When It’s Time To Dry Brine
When it’s time to dry brine your prime rib, don’t overthink it. It’s really not rocket science and you really can’t go wrong.
Just relax, remember your training, and evenly coat the prime rib in the salt, being sure to cover every side.
How Long To Wait While Dry Brining Prime Rib?
To feel the full effect of the brining process, you’ll want to wait at least 8 hours or overnight.

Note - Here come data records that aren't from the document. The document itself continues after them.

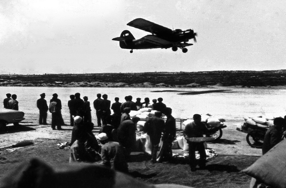 1982年5月,空軍某團運-5飛機從西北某機場起飛,飛赴甘肅省臨夏回族自治州太子山地區(資料圖片)。新華社發
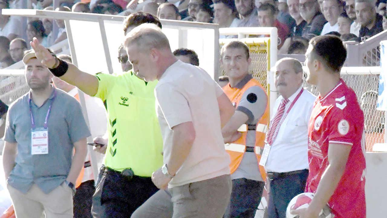 Maçın sonlarına doğru Teknik Direktör Tahsin Tam, taç atışı esnasında futbolcularını yönlendirmek hareketlendi. Keçiörengücü'nden Berkan Keskin takımının kazandığı taç atışını hızlı kullanmak istedi.
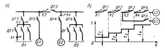 Рис. 6.5. Избирательная защита участков электрической сети: «— принципиальная схема; б — временная диаграмма
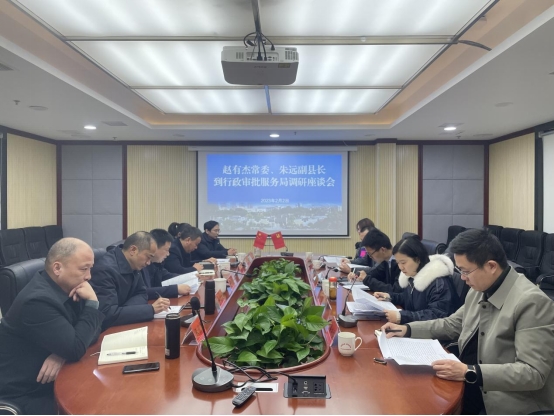 2月2日上午,县委常委、副县长赵有杰,副县长朱远到县行政审批服务局调研,了解工作开展情况,存在的问题以及新年工作规划,县政府办副主任黄团国、潘炳煌等陪同。
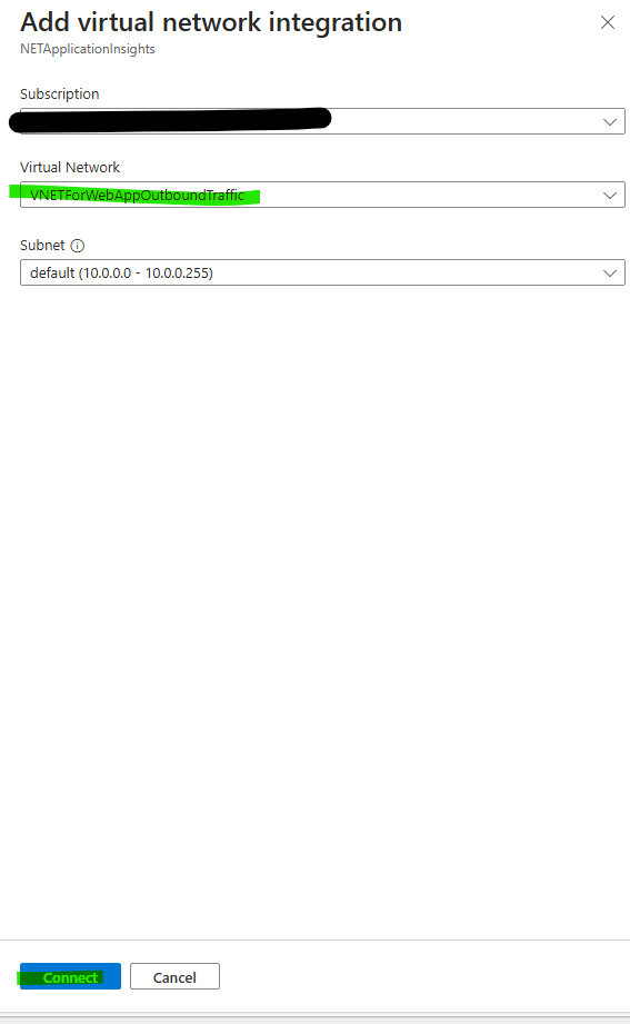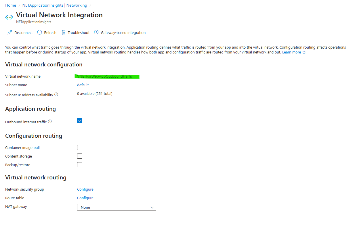 Enable VNet Integration in the Web App's outbound traffic configuration.
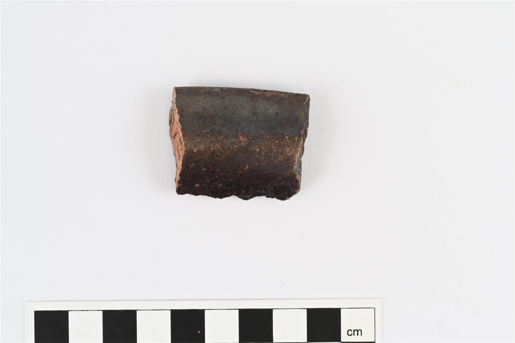 | Kolmijalkapadan tai ruukun suureunapala. Reuna ulospäin taipuva. Sisäpinnalla ruskea lyijylasite. Ulkopinta mustunut. | |
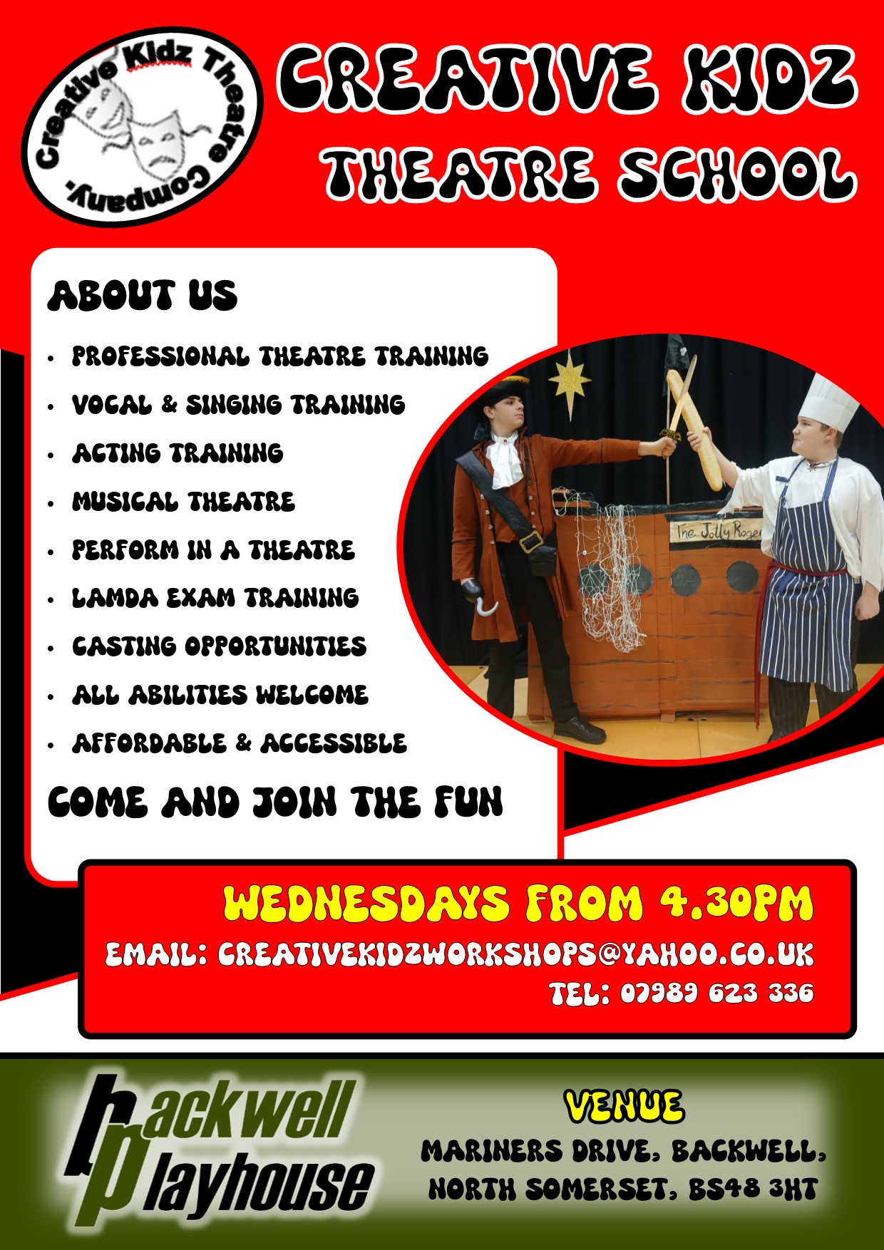 Classes at the PlayhouseThe Playhouse is host to some independant groups who use the theatre as a place to hold their classes on a weekly basis. ![]() Creative Kidz Theatre CompanyCreative Kidz rehearse at Backwell Playhouse on Wednesday afternoons from 4.30pm for young people of all abilities. If your young person is interested in taking part, please email CreativeKidzWorkshops@Yahoo.co.uk or call 07989 623 336 | ||||||
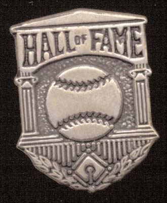 The actual pin presented to and worn by Jackie on the day of his induction into the National Baseball Hall of Fame in Cooperstown, New York. 1" pin is sterling silver and is marked as such on the verso. It is in its original box, which is very much of the period. Box is 2x1.5". Pin is Mint; box is EX+.
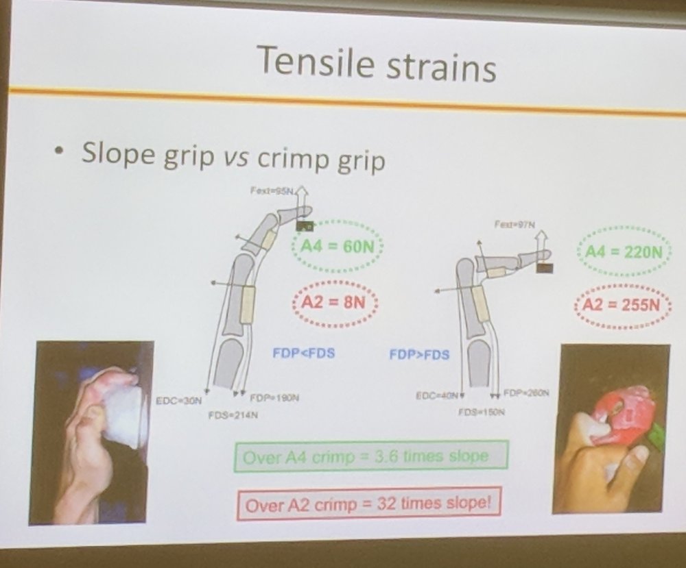 Today is all about the body – my favorite day. This slide shows the forces put through the A2 & A4 pulleys during a slope and crimp grip
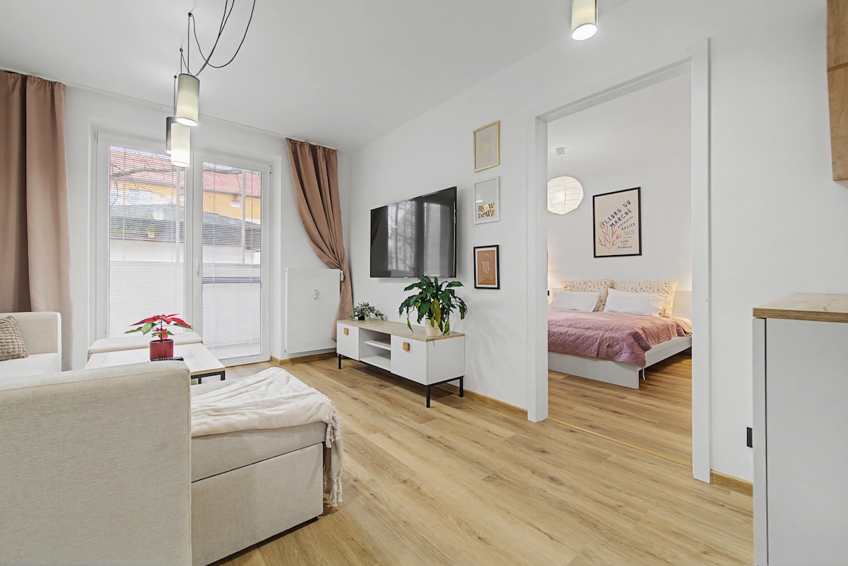 Dajte si pauzu a odpočiňte si v tejto oáze pokoja.Ponúkame Vám plne vybavený byt v tichej lokalite, kde si môžete úplne oddýchnuť od starostí. S vlastným kúrením a parkovacím miestom, blízko centra mesta, je náš byt ideálnym miestom na váš pobyt. Vychutnajte si súkromie oddelenej kúpeľne a relaxujte na priestrannom slnečnom balkóne. Byt je vhodný pre rodiny a skvelým východiskovým bodom na výlety po okolí.
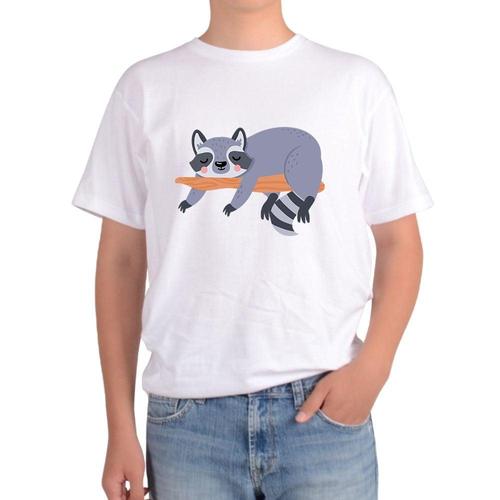 오버핏반팔 너구리 raccoon dog 동물 낮잠 나무위 WF1754F
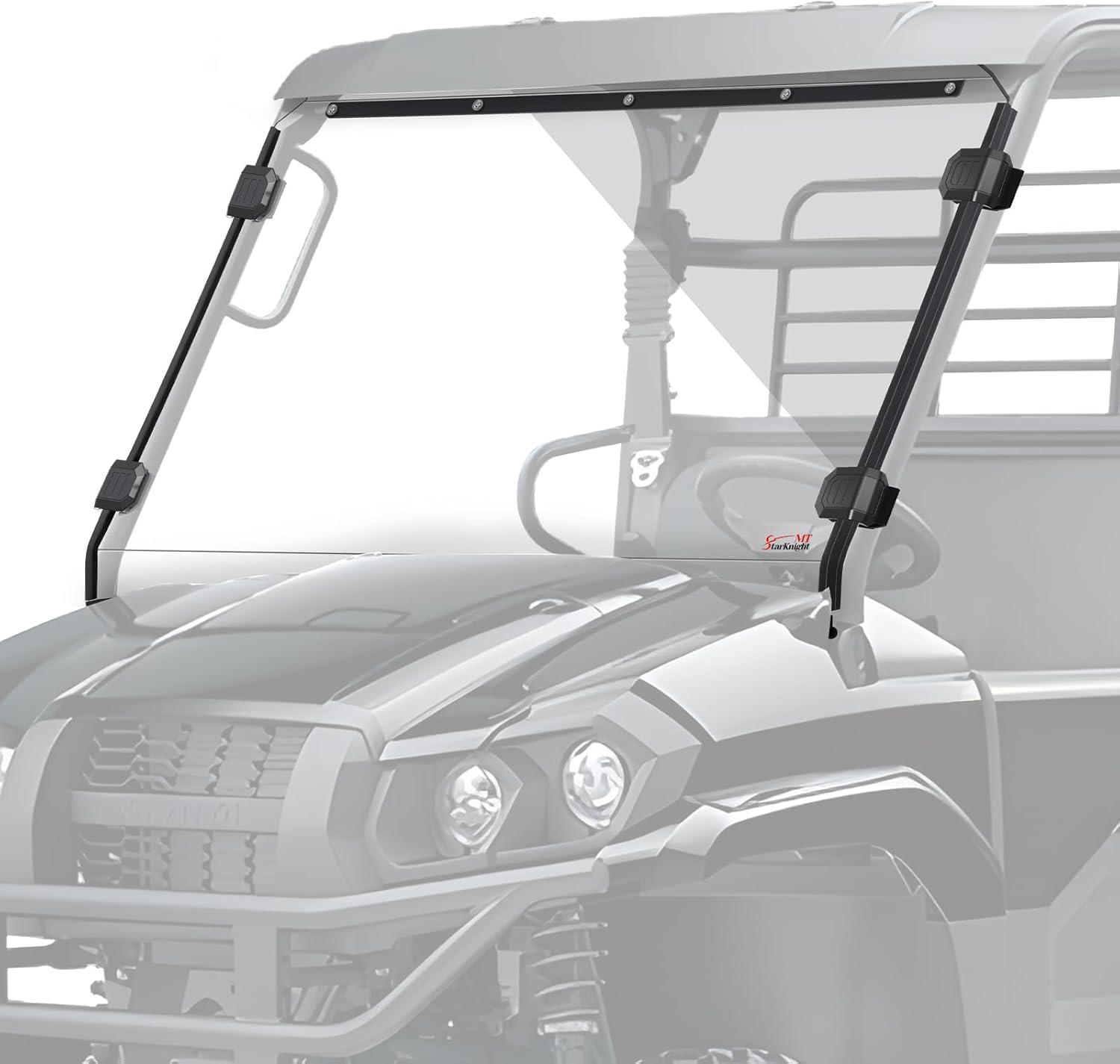FITMENT: StarknightMT UTV front full windshield is compatible with Kawasaki Mule Pro MX 2019-2026. 2-in-1 design allows you to remove the upper or lower windshield to get ventilation in a hot summer.You can use it as a full windshield or a half windshield

You’ll get 80% of all the goodness from the brining process this way, without becoming too impatient.
If you have the luxury of time, then you can choose to leave it on for 24-48 hours to harness the full effects of the dry brining process.
After applying the dry salt brine, cover your prime rib in something like baking paper (loosely) and it into the refrigerator for your desired amount of time.
Can You Dry Brine Prime Rib Too Long?
The sweet spot for brining is between about 8 and 48 hours, but it is possible to over brine your prime rib.
Although people’s first thoughts go to “perhaps it was dry brined too long”, it’s more often than note a combination of:
- Adding too much salt to the original brine
- Leaving your prime rib brining for more than 48 hours
- Adding MORE salt and seasonings before or after the cook
Prime rib CAN take on a lot of salt and still taste incredibly rich and beefy, but there is a limit!
The best advice I can give to avoiding over-brined prime rib is to limit the amount of additional seasoning you add after the brining process.
Wrap Up: Dry Brining Prime Rib For The Win
Hold on a minute, I’m just putting my recently knocked-off socks back on my feet.
You see, I just had the most melt-in-your-mouth moist morsel of prime rib.
The secret? The dry brining process which takes the tenderness, juiciness, and flavor to new heights.
If you don’t believe me then you’ve just got to try it for yourself!